OTAWA provides an abstraction layer between the actual binary program and static analyses. More...

Classes
class	otawa::sem::inst
	This structure class represents an instruction in the semantics representation of machine instruction. More...

class	otawa::sem::Printer
	Printer class for semantic instructions (resolve the generic register value to the their real platform name). More...

class	otawa::sem::PathIter
	This iterator allows easily to traverse all execution paths of a block of semantic instructions. More...

Functions
cond_t	otawa::sem::invert (cond_t cond)
	Invert the given condition. More...

int	otawa::sem::size (type_t type)
	Get the size of the given type. More...

Detailed Description

OTAWA provides an abstraction layer between the actual binary program and static analyses.

This abstraction is composed of generic information about the processed instruction: type of instruction, target for branch instruction, read and writtent registers, and so on.

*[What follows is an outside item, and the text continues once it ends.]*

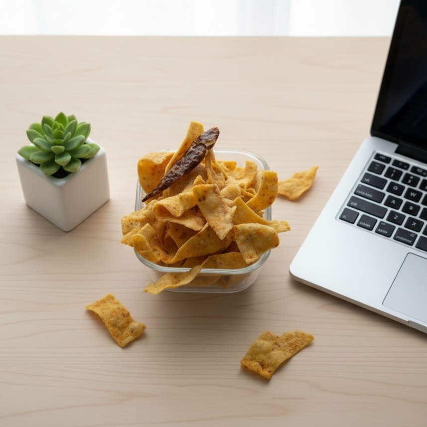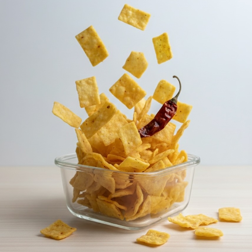 The wide ribbon form allows even frying and gives the snack a crisp yet airy feel. The simple seasoning enhances the natural taste of gram flour, making it enjoyable without heaviness and suitable for all age groups.

To perform value or interval analysis, we need to understand the processing of instructions. To maintain this abstraction layer, OTAWA provides with some architecture plugins a way to translate instruction into a list of architecture-independent instructions to let value analyses to be independent of the actual architecture.

Semantics Instruction Set

Designing a language to describe any instruction set is may an impossible task. In the opposite, our semantics language has for goal to allow to perform analyses while retaining only important things for such a task: basic arithmetics and comparison for integer and address and integer computation, minimal flow of control to allow fast analysis.

Basically, a machine instruction I is translated into a block of n semantic instructions [i0, i1, i2, ..., in-1]. To interpret a semantic block, one has to consider a semantic instruction counter, p. At beginning of the interpretation, p = 0. According to the interpreted instructions, p is simply incremented (+1) to perform sequential execution, or changed by adding a positive quantity n to avoid executing some instructions. Notice that n >= 0 induces that no loop can appear in the interpretation of semantic block and hence no fix point is required. The execution stops as soon as p >= n.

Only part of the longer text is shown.